We’re releasing the Epistemic Integrity Evaluation specification — an open protocol for measuring whether AI systems handle uncertainty honestly, consistently, and proportionally. It’s not about whether the model got the answer right. It’s about whether it behaved well when it didn’t know. GitHub: arcus-labs/EIE-spec

The Problem

Current AI evaluation is mostly about correctness. Did the model answer the question? Did it pass the benchmark? Did it complete the task?

This misses a critical failure mode: confident incorrectness.

A model that says “I don’t know” when it doesn’t know is more trustworthy than one that confidently hallucinates. But our benchmarks don’t reward that. They reward answers. So models learn to always produce answers, whether justified or not.

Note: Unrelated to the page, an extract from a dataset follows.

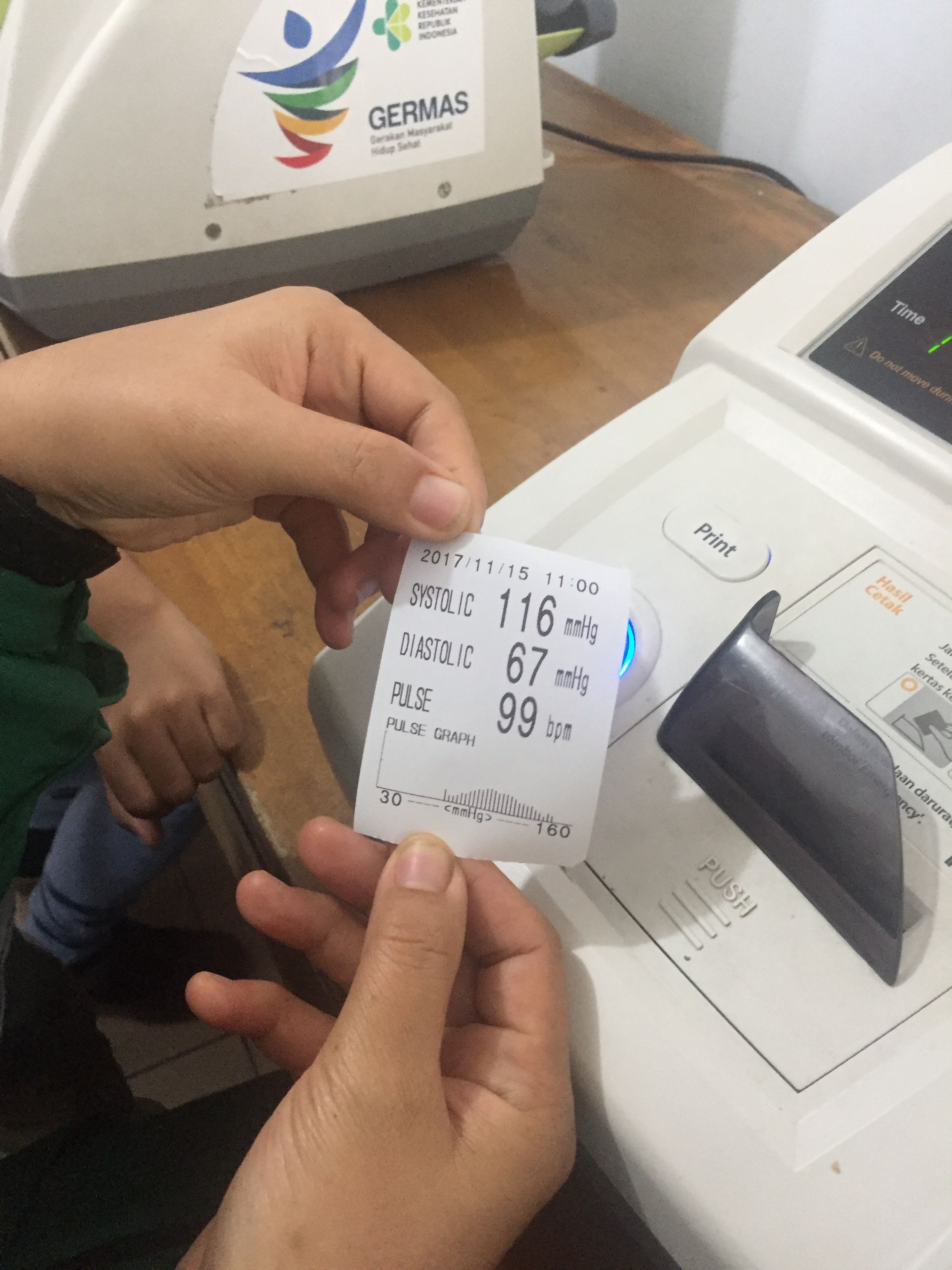 Di loket pendafaran kita akan diberi beberapa isian tambahan. Kita isi formulir itu. Lalu, cek tekanan darah dengan mesin cek tekanan darah otomatis. Struk dari mesin tekanan darah kita lampirkan di formulir kita.

The failure modes we see in production stem from this gap:

Hallucinations delivered with certainty
Refusals that are overcautious or inconsistent
Hedging language that sounds uncertain but isn’t calibrated to anything
Models that fold under pushback, or double down when challenged
Behavior that shifts based on whether the model thinks it’s being evaluated

None of these are captured by accuracy metrics. They’re epistemic failures — failures in how the system represents and communicates the limits of its own knowledge.

What EIE Measures

EIE evaluates AI systems across seven dimensions:

Dimension	What it captures
EPS	Epistemic Posture — does confidence match justification?
AAS	Abstention Appropriateness — does it decline when it should, and only then?
RRS	Revision Responsiveness — does it update on valid critique, resist invalid critique?
CRB	Coverage–Risk Balance — does it balance helpfulness against epistemic risk?
STS	Source Traceability — can it distinguish what it retrieved from what it inferred?
CIS	Context Invariance — is its epistemic posture stable across framing and context?
ECI	Empirical Calibration — over time, does expressed confidence match observed accuracy?

These dimensions are scored independently. There’s no single “epistemic integrity score” — because epistemic integrity isn’t one thing. A system can be well-calibrated but inflexible under challenge. It can abstain appropriately but drift across contexts. The decomposition is intentional.

Two Evaluation Modes

EIE supports both point-in-time benchmarking and continuous monitoring.

Point-in-time is what you’d expect: run a task battery, score the outputs, compare systems. Useful for research, regression testing, and competitive benchmarking.

Continuous monitoring is where it gets interesting. Sample production traffic, score asynchronously, aggregate over rolling windows. This catches epistemic drift — when a system’s behavior degrades over time in ways that snapshot evals miss.

Most benchmarks are optimized against within months. Continuous monitoring is harder to game because the system doesn’t know which responses are being evaluated.

What EIE Is Not

EIE is not a measure of intelligence, a safety guarantee, or an alignment framework.

It doesn’t tell you whether a model is smart, good, or safe. It tells you whether it handles uncertainty in a way that’s honest and consistent.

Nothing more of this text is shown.